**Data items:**
══════════

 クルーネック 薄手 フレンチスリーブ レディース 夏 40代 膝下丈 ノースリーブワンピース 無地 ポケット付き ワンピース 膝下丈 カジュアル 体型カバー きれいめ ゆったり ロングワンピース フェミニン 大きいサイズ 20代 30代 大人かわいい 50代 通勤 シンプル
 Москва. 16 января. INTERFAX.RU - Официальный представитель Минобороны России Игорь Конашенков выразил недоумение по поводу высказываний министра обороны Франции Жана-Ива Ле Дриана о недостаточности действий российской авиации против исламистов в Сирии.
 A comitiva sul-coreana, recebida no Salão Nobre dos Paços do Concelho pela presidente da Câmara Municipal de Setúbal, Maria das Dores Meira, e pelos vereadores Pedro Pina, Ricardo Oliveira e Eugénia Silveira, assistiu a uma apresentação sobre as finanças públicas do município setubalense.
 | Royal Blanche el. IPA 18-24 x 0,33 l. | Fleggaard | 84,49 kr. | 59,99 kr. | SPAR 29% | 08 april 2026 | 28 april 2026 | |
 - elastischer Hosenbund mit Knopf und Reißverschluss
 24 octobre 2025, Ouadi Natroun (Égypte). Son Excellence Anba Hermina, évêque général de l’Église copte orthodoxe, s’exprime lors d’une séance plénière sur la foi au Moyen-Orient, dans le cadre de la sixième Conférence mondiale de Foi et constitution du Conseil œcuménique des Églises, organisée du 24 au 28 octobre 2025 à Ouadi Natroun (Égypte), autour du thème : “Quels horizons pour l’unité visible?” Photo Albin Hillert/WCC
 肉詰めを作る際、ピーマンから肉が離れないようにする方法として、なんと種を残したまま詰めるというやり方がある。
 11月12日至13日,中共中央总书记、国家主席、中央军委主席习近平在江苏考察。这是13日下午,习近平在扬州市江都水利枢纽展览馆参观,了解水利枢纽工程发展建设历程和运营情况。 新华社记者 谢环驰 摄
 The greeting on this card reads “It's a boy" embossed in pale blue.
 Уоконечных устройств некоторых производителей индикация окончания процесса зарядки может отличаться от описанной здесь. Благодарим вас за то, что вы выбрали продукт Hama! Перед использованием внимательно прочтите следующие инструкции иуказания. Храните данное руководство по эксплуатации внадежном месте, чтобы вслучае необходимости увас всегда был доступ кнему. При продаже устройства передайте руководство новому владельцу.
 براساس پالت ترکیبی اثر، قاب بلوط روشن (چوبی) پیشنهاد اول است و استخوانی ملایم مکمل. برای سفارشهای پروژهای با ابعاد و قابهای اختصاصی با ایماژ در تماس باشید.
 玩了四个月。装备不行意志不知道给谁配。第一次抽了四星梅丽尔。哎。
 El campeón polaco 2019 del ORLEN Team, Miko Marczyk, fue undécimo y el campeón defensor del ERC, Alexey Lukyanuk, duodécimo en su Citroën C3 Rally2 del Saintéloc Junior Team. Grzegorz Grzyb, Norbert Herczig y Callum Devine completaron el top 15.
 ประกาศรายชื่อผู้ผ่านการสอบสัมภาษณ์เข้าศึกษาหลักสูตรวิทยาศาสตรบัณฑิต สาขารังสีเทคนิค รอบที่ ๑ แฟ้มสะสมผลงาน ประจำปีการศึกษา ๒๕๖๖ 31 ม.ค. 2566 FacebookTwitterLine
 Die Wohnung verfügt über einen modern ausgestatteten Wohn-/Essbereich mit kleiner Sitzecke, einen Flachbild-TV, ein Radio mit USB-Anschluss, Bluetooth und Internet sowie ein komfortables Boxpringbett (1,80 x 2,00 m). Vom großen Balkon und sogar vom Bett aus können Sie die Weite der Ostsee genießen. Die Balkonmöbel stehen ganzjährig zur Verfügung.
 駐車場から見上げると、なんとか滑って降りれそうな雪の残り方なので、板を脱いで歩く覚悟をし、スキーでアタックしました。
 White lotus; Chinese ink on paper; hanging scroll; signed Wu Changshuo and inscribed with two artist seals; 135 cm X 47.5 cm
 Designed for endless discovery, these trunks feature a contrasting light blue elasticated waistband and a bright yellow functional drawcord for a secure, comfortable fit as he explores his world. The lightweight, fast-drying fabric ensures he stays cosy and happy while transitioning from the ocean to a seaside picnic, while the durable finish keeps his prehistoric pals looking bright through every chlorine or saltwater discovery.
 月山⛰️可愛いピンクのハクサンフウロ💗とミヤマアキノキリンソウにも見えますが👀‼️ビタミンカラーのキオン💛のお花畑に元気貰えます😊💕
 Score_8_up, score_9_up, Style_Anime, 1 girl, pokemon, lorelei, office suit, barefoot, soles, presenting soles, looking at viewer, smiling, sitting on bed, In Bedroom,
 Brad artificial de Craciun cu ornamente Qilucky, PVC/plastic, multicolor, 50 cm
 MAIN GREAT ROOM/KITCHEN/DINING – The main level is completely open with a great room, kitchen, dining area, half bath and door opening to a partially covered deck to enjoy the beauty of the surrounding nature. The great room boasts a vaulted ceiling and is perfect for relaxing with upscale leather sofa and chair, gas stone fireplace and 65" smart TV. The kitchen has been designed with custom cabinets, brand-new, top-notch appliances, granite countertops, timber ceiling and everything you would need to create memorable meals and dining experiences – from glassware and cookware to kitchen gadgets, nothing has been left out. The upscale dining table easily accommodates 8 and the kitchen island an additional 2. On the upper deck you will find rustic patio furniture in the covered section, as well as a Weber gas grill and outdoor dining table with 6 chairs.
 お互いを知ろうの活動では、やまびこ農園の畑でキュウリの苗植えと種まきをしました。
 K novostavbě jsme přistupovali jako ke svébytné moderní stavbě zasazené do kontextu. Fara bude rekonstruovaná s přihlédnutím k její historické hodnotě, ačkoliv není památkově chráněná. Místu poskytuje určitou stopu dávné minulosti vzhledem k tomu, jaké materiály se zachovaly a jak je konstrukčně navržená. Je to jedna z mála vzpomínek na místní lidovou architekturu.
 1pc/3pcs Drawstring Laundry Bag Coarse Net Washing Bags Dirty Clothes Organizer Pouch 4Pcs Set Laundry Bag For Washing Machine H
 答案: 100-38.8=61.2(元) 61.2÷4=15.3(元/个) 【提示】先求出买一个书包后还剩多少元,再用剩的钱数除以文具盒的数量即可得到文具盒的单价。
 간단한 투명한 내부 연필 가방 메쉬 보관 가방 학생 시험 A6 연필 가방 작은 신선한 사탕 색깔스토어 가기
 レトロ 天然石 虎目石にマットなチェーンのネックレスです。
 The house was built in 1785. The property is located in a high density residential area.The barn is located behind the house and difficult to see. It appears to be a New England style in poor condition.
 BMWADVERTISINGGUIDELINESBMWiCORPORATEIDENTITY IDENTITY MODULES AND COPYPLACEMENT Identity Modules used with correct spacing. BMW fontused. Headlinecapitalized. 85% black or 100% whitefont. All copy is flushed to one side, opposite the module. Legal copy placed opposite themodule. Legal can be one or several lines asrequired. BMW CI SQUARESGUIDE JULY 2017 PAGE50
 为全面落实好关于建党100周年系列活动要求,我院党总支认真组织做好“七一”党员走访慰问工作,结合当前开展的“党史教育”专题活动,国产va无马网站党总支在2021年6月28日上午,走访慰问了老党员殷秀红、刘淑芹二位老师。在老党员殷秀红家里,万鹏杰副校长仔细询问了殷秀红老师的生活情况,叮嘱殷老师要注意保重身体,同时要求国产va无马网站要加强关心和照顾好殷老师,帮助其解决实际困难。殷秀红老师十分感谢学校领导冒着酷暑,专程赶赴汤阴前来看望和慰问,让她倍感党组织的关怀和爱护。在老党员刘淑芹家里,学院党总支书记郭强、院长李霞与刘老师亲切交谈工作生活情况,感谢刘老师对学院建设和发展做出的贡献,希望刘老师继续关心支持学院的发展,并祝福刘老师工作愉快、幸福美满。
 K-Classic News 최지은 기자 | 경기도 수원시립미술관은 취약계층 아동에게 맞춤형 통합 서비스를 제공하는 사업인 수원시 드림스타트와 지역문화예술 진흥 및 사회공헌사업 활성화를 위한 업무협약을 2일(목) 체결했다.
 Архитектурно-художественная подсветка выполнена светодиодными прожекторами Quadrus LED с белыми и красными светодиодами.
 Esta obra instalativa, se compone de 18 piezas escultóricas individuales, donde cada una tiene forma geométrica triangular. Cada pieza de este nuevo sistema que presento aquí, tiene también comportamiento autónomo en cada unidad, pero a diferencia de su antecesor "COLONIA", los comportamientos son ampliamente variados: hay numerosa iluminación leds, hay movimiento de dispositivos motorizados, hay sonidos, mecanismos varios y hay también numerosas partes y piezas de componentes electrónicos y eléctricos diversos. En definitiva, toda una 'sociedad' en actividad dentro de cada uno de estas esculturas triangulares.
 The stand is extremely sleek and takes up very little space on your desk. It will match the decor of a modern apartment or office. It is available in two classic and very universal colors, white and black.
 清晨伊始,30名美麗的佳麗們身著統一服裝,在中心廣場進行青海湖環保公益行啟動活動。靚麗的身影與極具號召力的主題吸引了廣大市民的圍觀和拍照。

══════════

**ASSIGNED TASK:**
Using the data above, show each line where "with" occurs.

**TASK RESPONSE:**
 White lotus; Chinese ink on paper; hanging scroll; signed Wu Changshuo and inscribed with two artist seals; 135 cm X 47.5 cm
 MAIN GREAT ROOM/KITCHEN/DINING – The main level is completely open with a great room, kitchen, dining area, half bath and door opening to a partially covered deck to enjoy the beauty of the surrounding nature. The great room boasts a vaulted ceiling and is perfect for relaxing with upscale leather sofa and chair, gas stone fireplace and 65" smart TV. The kitchen has been designed with custom cabinets, brand-new, top-notch appliances, granite countertops, timber ceiling and everything you would need to create memorable meals and dining experiences – from glassware and cookware to kitchen gadgets, nothing has been left out. The upscale dining table easily accommodates 8 and the kitchen island an additional 2. On the upper deck you will find rustic patio furniture in the covered section, as well as a Weber gas grill and outdoor dining table with 6 chairs.
 BMWADVERTISINGGUIDELINESBMWiCORPORATEIDENTITY IDENTITY MODULES AND COPYPLACEMENT Identity Modules used with correct spacing. BMW fontused. Headlinecapitalized. 85% black or 100% whitefont. All copy is flushed to one side, opposite the module. Legal copy placed opposite themodule. Legal can be one or several lines asrequired. BMW CI SQUARESGUIDE JULY 2017 PAGE50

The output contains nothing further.